Finalement, le résultat assez exceptionnellement favorable des deux premières années, au plan de l’emploi comme au plan électoral (personne ne doute alors de leur interdépendance), a considérablement accéléré ce phénomène d’usure, à partir de l’été 1999.

La malédiction est de retour ou la chronique d’une défaite qui n’était pas annoncée

15 Le décrochage de l’opinion fut relativement insensible et les événements de la période charnière qui va jusqu’au début de 2001 (municipales de mars) n’ont pas suffi par eux-mêmes à créer un retournement d’opinion, ni même à faire radicalement prendre conscience d’une nouvelle donne. Ils constituent toutefois rétrospectivement des marqueurs assez évidents du retournement de la situation, notamment pour les segments les plus sensibles de l’opinion, tels que les salariés moyens et modestes, y compris fonctionnaires. Il est vrai que quelques circonstances aggravantes vinrent s’en mêler :

16 Ceux qui tirent sur leurs agents : Claude Allègre, ministre de l’Éducation, se comporte avec les enseignants comme Alain Juppé, Premier ministre, avec les médecins en 1996 : très mal. Historiquement, ils fournissent les relais d’opinion de la gauche. De ce point de vue, la question de l’hostilité des enseignants à l’égard de leur ministre va bien au-delà de leur importance quantitative. Les perdre est pour la gauche aussi grave que perdre les professions de santé pour la droite, et pour les mêmes raisons.

17 La gestion des entreprises publiques : les deux principales, France Télécom et EDF se lancent dans une course folle à l’internationalisation de leurs activités, rachètent des actifs étrangers souvent douteux au prix fort et s’endettent au-delà du raisonnable. Cette stratégie aventureuse mangeuse de capitaux renforce le camp des partisans de la privatisation et inquiète les personnels. En ce domaine, la gauche gouvernementale n’a ni doctrine, ni politique sinon de s’en remettre aux PDG des entreprises.

18 Les grandes entreprises du CAC 40 sont autorisées à racheter jusqu’à 10 % de leurs actions : en pleine expansion, l’excès de capitaux ne conduit pas à une remise en cause du partage de la valeur ajoutée mais à les gaspiller dans une vaine tentative, à compter du renversement de la Bourse en 2001, de soutien des cours qui sont au plus haut. Un meilleur usage aurait été envisageable si en 1999 le sujet n’avait pas été abandonné aux seuls financiers…

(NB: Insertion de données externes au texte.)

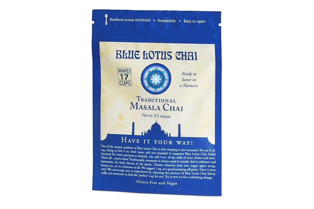 If you want a great instant tea that makes a cup of chai in seconds then get this Traditional Blue Lotus Masala Chai Tea Pouch.

19 Le renforcement du régime des stock options : fallait-il diminuer davantage la fiscalité sur les plus-values boursières des actions vendues à crédit par les grandes sociétés cotés à leurs dirigeants ou, au contraire, généraliser le système à l’ensemble des salariés ? On ne voit pas en effet pourquoi ils ne profiteraient pas au même titre que les managers des résultats de leurs efforts ? Et si ce lien n’est pas « personnalisable », il aurait été préférable de le supprimer plutôt que de tolérer le spectacle obscène de quelques directeurs se partageant des millions d’euros de stock options.

20 Les 35 heures, du mythe au casse-tête, du social au technocratique : une démarche historique de la gauche qui se termine en un casse-tête, devenu incompréhensible pour ses promoteurs et ses principaux soutiens syndicaux. Malgré une adhésion constante de l’opinion (avec près de 70 %, surtout chez les femmes), malgré la création nette de plus de 300 000 emplois (encore confirmée par l’INSEE en 2005), cette réussite évidente de la gauche est devenue « honteuse » à l’heure du bilan, dès lors que la seconde loi fut confiée à des hauts fonctionnaires qui y étaient pour la plupart hostiles et qui n’eurent de cesse d’en restreindre le champ (inappliquée dans les entreprises de moins de 20 salariés, pas d’emplois créés dans la fonction publique…) et la portée (décompte des temps de pause, réduisant de quatre à deux heures la réduction effective…).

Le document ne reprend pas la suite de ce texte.